The techniques and experiments I describe in this post are again the result of a bunch of discussions with John Regehr at a conference a few weeks ago, as well as reading his blog posts and papers. Thanks John! Also thanks to Max Bernstein for super helpful feedback on the drafts of this blog post (and for poking me to write things in general).

High-Level Approach

The approach that I took works as follows:

  • Run benchmarks or other interesting programs and then dump the IR of the JIT traces into a file. The traces have at that point been already optimized by the PyPy JIT's optimizer.
  • For every trace, ignore all the operations on non-integer variables.
  • Translate every integer operation into a Z3 formula.
  • For every operation, use Z3 to find out whether the operation is redundant (how that is done is described below).
  • If the operation is redundant, the trace is less efficient than it could have been, because the optimizer could also have removed the operation. Report the inefficiency.
  • Minimize the inefficient programs by removing as many operations as possible to make the problem easier to understand.

In the post I will describe the details and show some pseudocode of the approach. I'll also make the proper code public eventually (but it needs a healthy dose of cleanups first).

Dumping PyPy Traces

PyPy will write its JIT traces into the file out if the environment variable PYPYLOG is set as follows:

PYPYLOG=jit-log-opt:out pypy <program.py>

This environment variable works for PyPy, but also for other virtual machines built with RPython.

(This is really a side point for the rest of the blog post, but since the question came up I wanted to clarify it: Operations on integers in the Python program that the JIT is running don't all correspond 1-to-1 with the int_... operations in the traces. The int_... trace operations always operate on machine words. The Python int type supports arbitrarily large integers. PyPy will optimistically try to lower the operations on Python integers into machine word operations, but adds the necessary guards into the trace to make sure that overflow outside of the range of machine words is caught. In case one of these guards fails the interpreter switches to a big integer heap-allocated representation.)

Encoding Traces as Z3 formulas

The last blog post already contained the code to encode the results of individual trace operations into Z3 formulas, so we don't need to repeat that here. To encode traces of operations we introduce a Z3 variable for every operation in the trace and then call the z3_expression function for every single one of the operations in the trace.

For example, for the following trace:

[i1]
i2 = uint_rshift(i1, 32)
i3 = int_and(i2, 65535)
i4 = uint_rshift(i1, 48)
i5 = int_lshift(i4, 16)
i6 = int_or(i5, i3)
jump(i6, i2) # equal

We would get the Z3 formula:

z3.And(i2 == LShR(i1, 32),
       i3 == i2 & 65535,
       i4 == LShR(i1, 48),
       i5 == i4 << 16)

Usually we won't ask for the formula of the whole trace at once.
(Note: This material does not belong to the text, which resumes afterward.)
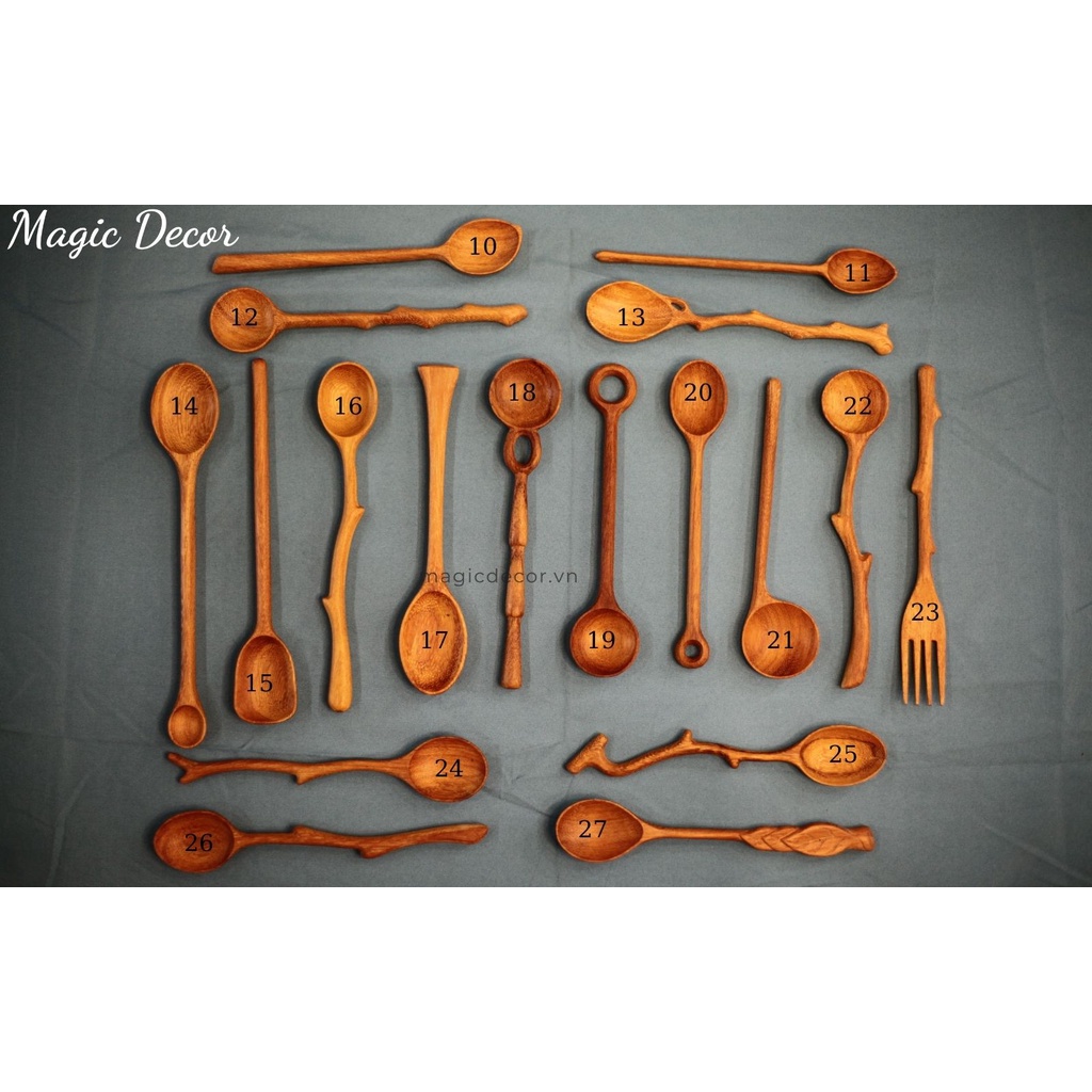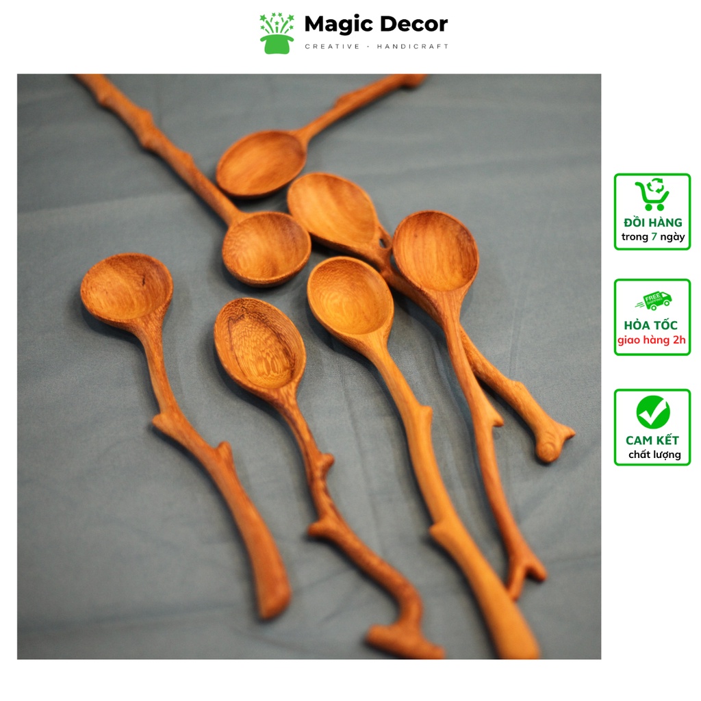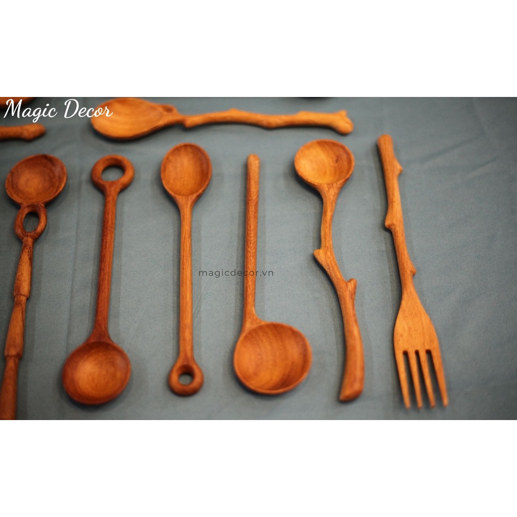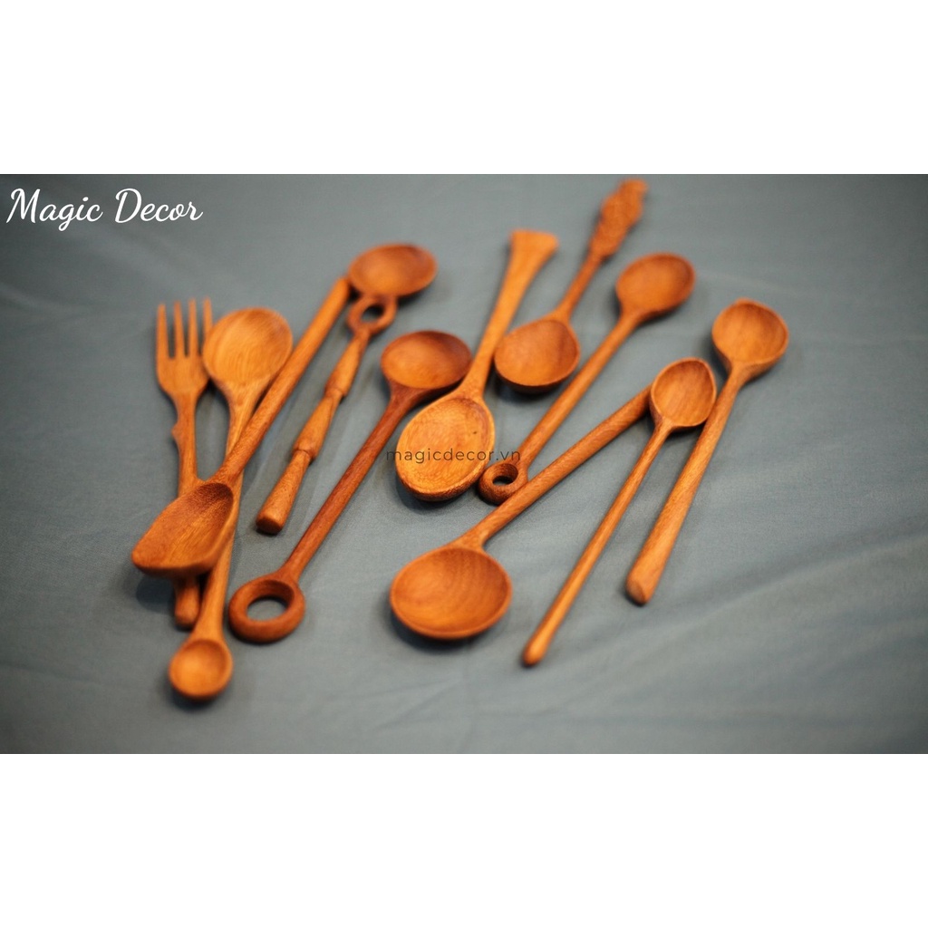 Nhà cửa & Đời sống > Bộ đồ bàn ăn > Dĩa || Muỗng gỗ, Thìa gỗ ăn cơm cán dài decor kiểu mới màu gỗ tự nhiên phong cách độc lạ | Magic DecorCòn hàng

Instead we go through the trace operation by operation and try to find inefficiencies in the current one we are looking at. Roughly like this (pseudo-)code:

def newvar(name):
    return z3.BitVec(name, INTEGER_WIDTH)

def find_inefficiencies(trace):
    solver = z3.Solver()
    var_to_z3var = {}
    for input_argument in trace.inputargs:
        var_to_z3var[input_argument] = newz3var(input_argument)
    for op in trace:
        var_to_z3var[op] = z3resultvar = newz3var(op.resultvarname)
        arg0 = op.args[0]
        z3arg0 = var_to_z3var[arg0]
        if len(op.args) == 2:
            arg1 = op.args[1]
            z3arg1 = var_to_z3var[arg1]
        else:
            z3arg1 = None
        res, valid_if = z3_expression(op.name, z3arg0, z3arg1)
        # checking for inefficiencies, see the next sections
        ...
        if ...:
            return "inefficient", op

        # not inefficient, assert op into the solver and continue with the next op
        solver.add(z3resultvar == res)
    return None # no inefficiency found

Identifying constant booleans with Z3

To get started finding inefficiencies in a trace, we can first focus on boolean variables. For every operation in the trace that returns a bool we can ask Z3 to prove that this variable must be always True or always False. Most of the time, neither of these proofs will succeed. But if Z3 manages to prove one of them, we know have found an ineffiency: instead of computing the boolean result (eg by executing a comparison) the JIT's optimizer could have replaced the operation with the corresponding boolean constant.

Here's an example of an inefficiency found that way: if x < y and y < z are both true, PyPy's JIT could conclude that x < z must also be true. However, currently the JIT cannot make that conclusion because it only reasons about the concrete ranges (lower and upper bounds) for every integer variable, but it has no way to remember anything about relationships between different variables. This kind of reasoning would quite often be useful to remove list/string bounds checks. Here's a talk about how LLVM does this (but it might be too heavyweight for a JIT setting).

Here are some more examples found that way:

  • x - 1 == x is always False
  • x - (x == -1) == -1 is always False. The pattern x - (x == -1) happens a lot in PyPy's hash computations: To be compatible with the CPython hashes we need to make sure that no object's hash is -1 (CPython uses -1 as an error value on the C level).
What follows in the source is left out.